I smile to myself, hiding my face behind the newspaper. Edward is glaring at me across the table. I have now come to find he can read minds, so I revisit every moment of my night with John, all the bits they missed in the paper. Edward makes a disgusted sound, leaves the table, and leaves Esme looking confused. I hear him speaking to Carlisle in another of the houses many rooms.

"You were wasting your time, Carlisle."

"You need someone, Edward. And she certainly is beautiful."

"I don't need anyone that badly."

Disgusting. Neither did I. Edward may be exceptionally handsome, but as a husband? Not a chance. Although I am a bit annoyed he didn't agree with Carlisle on how attractive I am. I sniff.

I continue to browse the paper. They found nothing much more than a man tied to a bed, dead. It was going to take a bit to find cause of death, my chosen method left no outward signs. Again I smile. I used to be such a nice person.

Now, I wait until the findings of John's death are announced, and I am certain Royce has read them. I want him to know I am coming.

* * * * *

I follow him, to a windowless room, the door as thick as a bank vault, two armed guards stationing themselves outside. I grin to myself, I can't help it. The naivety, thinking that would stop me. Well, at least it gives me time for preparation. I wait until it is dark, and then roam the streets, trying to remember where the dress shop is, where my wedding dress was waiting for me. My human memories were a bit fuzzy, everything except that last night, and Vera. When I finally do find the shop, I see my dress is no longer there. How disappointing, I did so want him to see me in it, just once, but there is another, that will have to do. I decide to take my theatrics the whole way, steal matching shoes and a huge bouquet of pink roses. I peer at myself in a window as I pass by slowly - every inch the beautiful, blushing bride. Perfect. Time to pay Royce a visit.

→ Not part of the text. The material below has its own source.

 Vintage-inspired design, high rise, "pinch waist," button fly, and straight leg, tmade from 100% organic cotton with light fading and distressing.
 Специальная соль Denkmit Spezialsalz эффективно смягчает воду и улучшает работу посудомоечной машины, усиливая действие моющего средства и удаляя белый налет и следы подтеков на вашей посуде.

Those two poor guards are in for more than they bargained for, but I really can't leave witnesses. I fly around the corner; break both their necks before they even realize I am there. They have done nothing to deserve a drawn out death, and I am sorry. Not enough, apparently.

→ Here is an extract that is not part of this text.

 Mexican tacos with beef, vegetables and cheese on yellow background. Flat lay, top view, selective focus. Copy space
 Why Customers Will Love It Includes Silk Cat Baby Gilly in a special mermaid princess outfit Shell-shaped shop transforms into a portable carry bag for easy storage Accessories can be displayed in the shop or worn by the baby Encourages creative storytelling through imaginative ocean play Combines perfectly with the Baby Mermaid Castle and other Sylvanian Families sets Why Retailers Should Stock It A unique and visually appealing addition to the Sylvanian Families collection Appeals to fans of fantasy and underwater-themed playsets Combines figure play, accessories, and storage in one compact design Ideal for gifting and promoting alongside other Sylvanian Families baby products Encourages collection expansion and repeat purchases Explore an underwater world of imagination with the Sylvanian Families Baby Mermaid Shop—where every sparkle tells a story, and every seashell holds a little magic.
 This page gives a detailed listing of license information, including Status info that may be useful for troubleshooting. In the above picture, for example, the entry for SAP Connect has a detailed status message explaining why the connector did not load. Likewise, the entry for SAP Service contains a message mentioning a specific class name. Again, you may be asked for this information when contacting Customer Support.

I give the vault door one good solid kick and watch it tumble to the floor. I position myself carefully, and enter slowly, humming the wedding march, head high, flowers just right. I stop when I see Royce, his face a mask of absolute terror. How nice.

"Darn, I should have brought you a better suit. This will just have to do."

I break off one rose stem; push it carefully into his buttonhole.

"There. The ideal bridegroom. Well, except for the other night, anyway. Did you get a bit impatient? I'm impatient too. I can't wait for you to die of natural causes."

He whimpers. I'm disgusted.

"Come on now, Royce, shouldn't you be kissing me, telling me how sorry you are?"

Another whimper. I sigh.

"Fine. Let's get on with this."

I shove him back into his seat. At least he had the decency to stand when I entered. I stand on his toes, push down. He tries not to cry out, but he is too weak. And I have broken them all. People in the Middle Ages...they really did know how to prolong suffering.

I take his hand carefully in mine, as going through the motions of a wedding ceremony. And squeeze. Another cry.

I spend the night enjoying the sound of his yelling, screaming, cursing. I laugh when he curses me; it's as if he thinks there could be anything worse for me now. It takes a long time to break every bone in a person's body, one by one, without breaking skin. I save his skull for the finale.

And then I go home, to do whatever is the vampire equivalent of crying.